■ **What is expected**: The answer must be an exact transcription of the lines below from the first through the one containing "Looking inside the", with the pictures left out; please add nothing else.

Records shown START

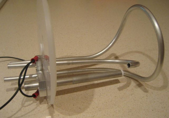 Here you see a cooling loop of 3003 tubing, a J shaped tube (also of 1/4 inch 3003 tube) for air bubbling, and a plugged straight tube (6061 aluminum) that is a well for a thermometer. These are electrically tied together to form the cathode. The total surface area of the cathode is much less than 16 square inches, but I learned from a reference book that anodizing cathodes are typically about one third the area of the anode. The 3003 tubing is soft enough to be easily bent by hand. Air bubbling keeps the electrolyte from becoming thermally stratified; air is provided by an aquarium pump.
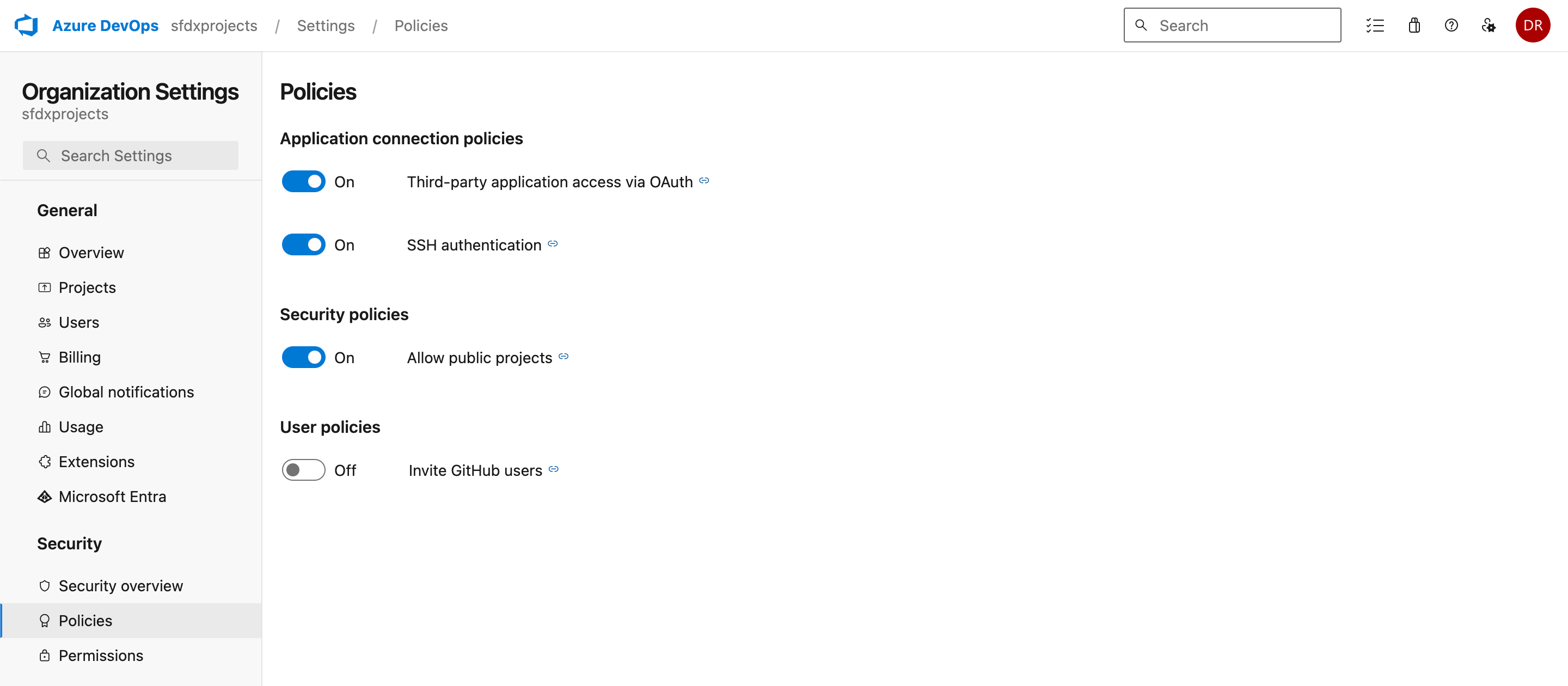 Select Policies from the left-hand menu, and make sure that Third-party application access via OAuth is toggled to On.
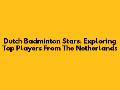 Dutch Badminton Stars: Exploring Top Players From The Netherlands
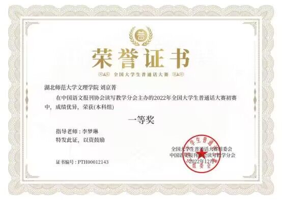 2022年12月,半岛online(中国)人文学部汉语言文学专业2004班学生刘京菁(国家普通话水平测试助理团优秀干事)在由中国语文报刊协会读写教学分会面向全国高校大学生举办的“2022年全国大学生普通话大赛”中荣获本科组全国一等奖(指导教师:李梦琳)。
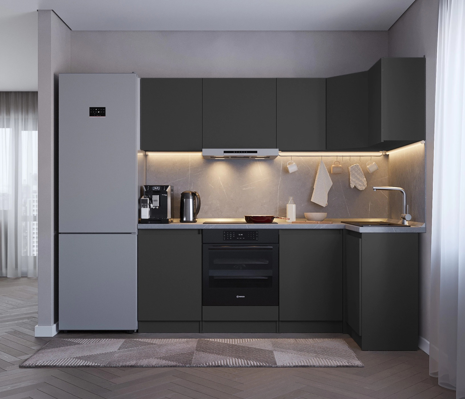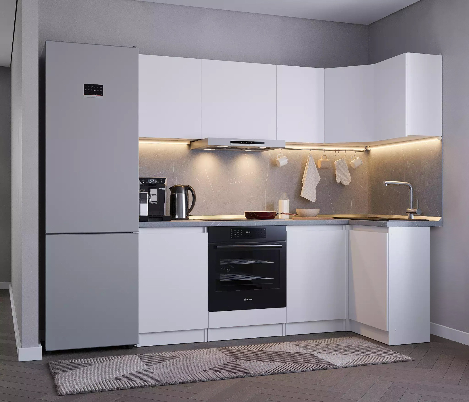 Столешницу, стеновую панель, мойку, сушку, планки, плинтус, бытовую технику.
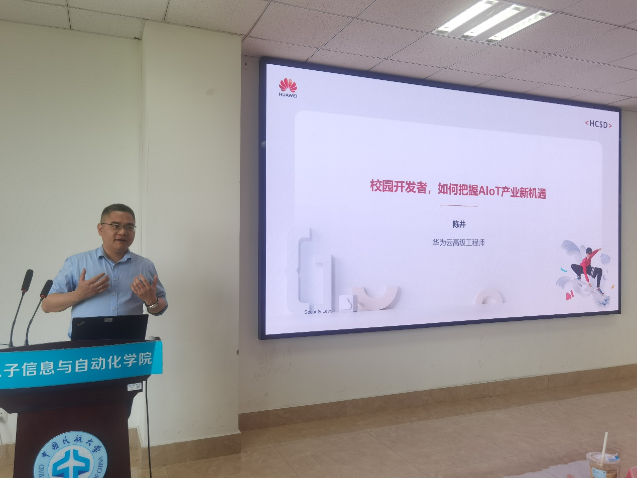 华为云高级工程师陈井,围绕“校园开发者,如何把握AloT产业新机遇”的主题,为师生们介绍了华为云在物联网领域的创新实践,并分享了校园开发者如何把握物联网产业新机遇的见解。
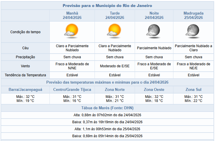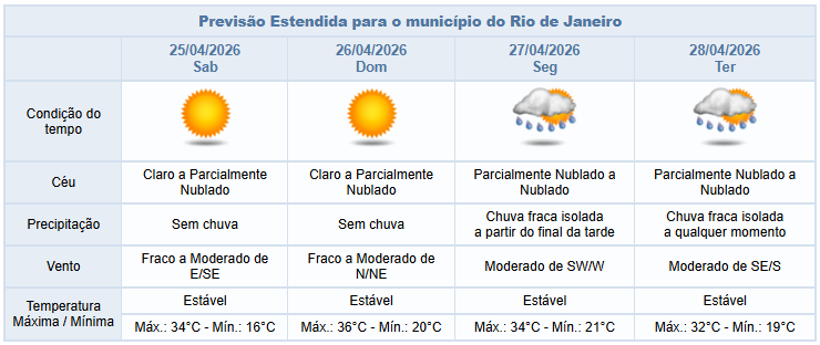 No sábado e domingo (25/4 e 26/4), a previsão para a cidade do Rio é de céu com poucas nuvens e sem chuva. Os ventos estarão fracos a moderados e as temperaturas estáveis com gradual elevação. A umidade relativa do ar poderá atingir valores entre 21% e 30% em algum ponto da cidade.
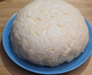 - Misture o queijo na massa de pão de queijo até ficar homogênea.
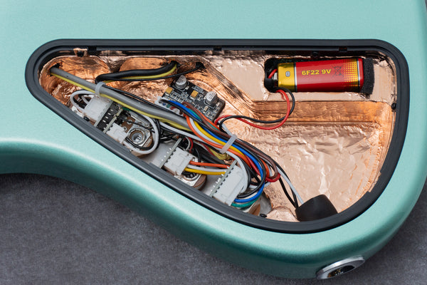 Looking inside the cavity, you'll see copper foil tape applied for shielding. Excellent.
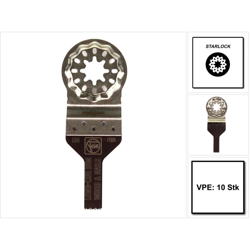 Dotazione: - 10x FEIN Lama da taglio E-Cut Long Life Starlock 30 x 10 mm / Bimetal ( 63502184240 ) Descrizione prodotto: La lama per sega bimetallica FEIN è adatta a tutti i materiali in legno, cartongesso e plastica. Un'eccellente durata di vita e un'elevata qualità di taglio garantiscono un avanzamento dei lavori senza intoppi. La lama della sega è estremamente robusta e insensibile anche ai chiodi nel legno (fino a circa 4 mm di diametro), ai mattoni, ecc... La larghezza media e la forma della vita garantiscono una velocità ottimale e una buona rimozione dei trucioli. Dati tecnici: Larghezza di taglio: 10 mm Lunghezza: 30 mm Contenuto: 10 unità Attacco: Starlock Materiale: bimetallo (metallo HSS e HCS)
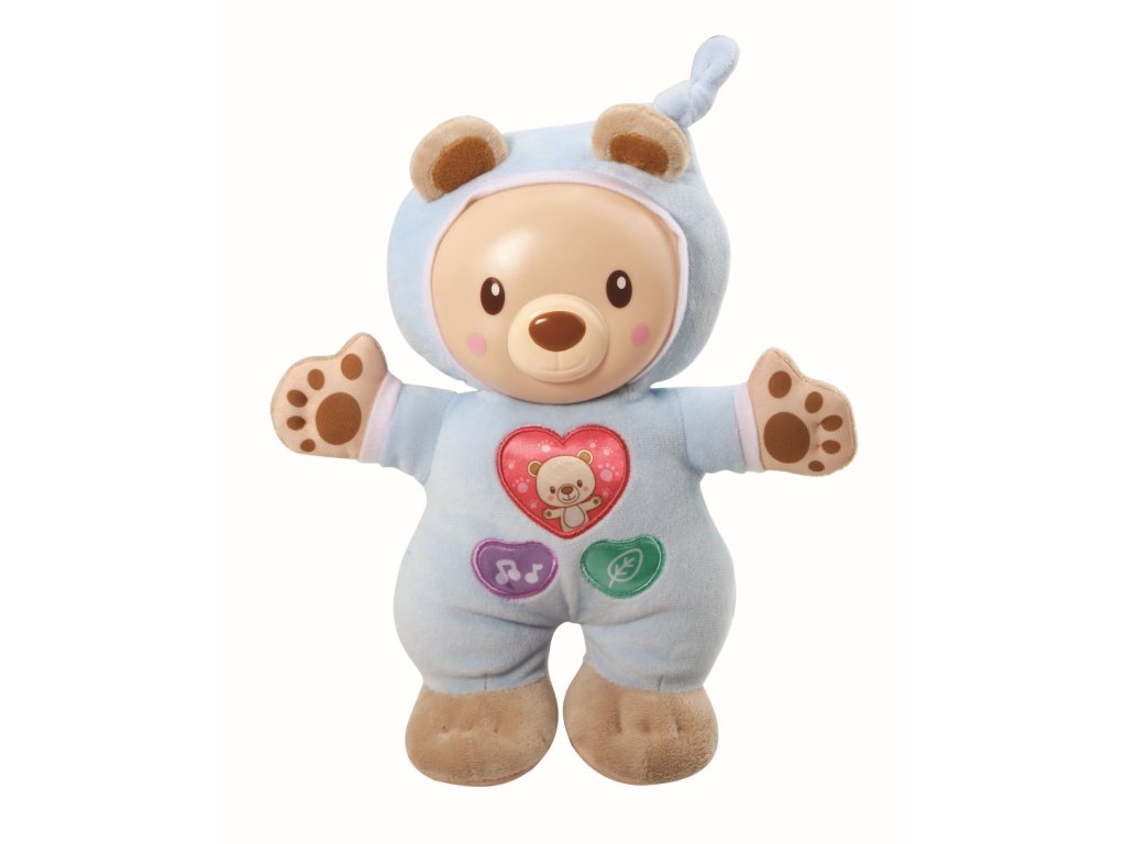 Hebký a mäkký žiariaci medvedík pomôže dieťaťu sa upokojiť a zaspať. Stlačením látkových tlačidiel začuje dieťa rôzne roztomilé vety, hudobné zvuky alebo zvuky prírody. Maznáčik rozvíja motorické zručnosti a zároveň stimuluje sluchové vnemy dieťaťa.

Records shown END

■ **Result of this task**:
 Here you see a cooling loop of 3003 tubing, a J shaped tube (also of 1/4 inch 3003 tube) for air bubbling, and a plugged straight tube (6061 aluminum) that is a well for a thermometer. These are electrically tied together to form the cathode. The total surface area of the cathode is much less than 16 square inches, but I learned from a reference book that anodizing cathodes are typically about one third the area of the anode. The 3003 tubing is soft enough to be easily bent by hand. Air bubbling keeps the electrolyte from becoming thermally stratified; air is provided by an aquarium pump.
 Select Policies from the left-hand menu, and make sure that Third-party application access via OAuth is toggled to On.
 Dutch Badminton Stars: Exploring Top Players From The Netherlands
 2022年12月,半岛online(中国)人文学部汉语言文学专业2004班学生刘京菁(国家普通话水平测试助理团优秀干事)在由中国语文报刊协会读写教学分会面向全国高校大学生举办的“2022年全国大学生普通话大赛”中荣获本科组全国一等奖(指导教师:李梦琳)。
 Столешницу, стеновую панель, мойку, сушку, планки, плинтус, бытовую технику.
 华为云高级工程师陈井,围绕“校园开发者,如何把握AloT产业新机遇”的主题,为师生们介绍了华为云在物联网领域的创新实践,并分享了校园开发者如何把握物联网产业新机遇的见解。
 No sábado e domingo (25/4 e 26/4), a previsão para a cidade do Rio é de céu com poucas nuvens e sem chuva. Os ventos estarão fracos a moderados e as temperaturas estáveis com gradual elevação. A umidade relativa do ar poderá atingir valores entre 21% e 30% em algum ponto da cidade.
 - Misture o queijo na massa de pão de queijo até ficar homogênea.
 Looking inside the cavity, you'll see copper foil tape applied for shielding. Excellent.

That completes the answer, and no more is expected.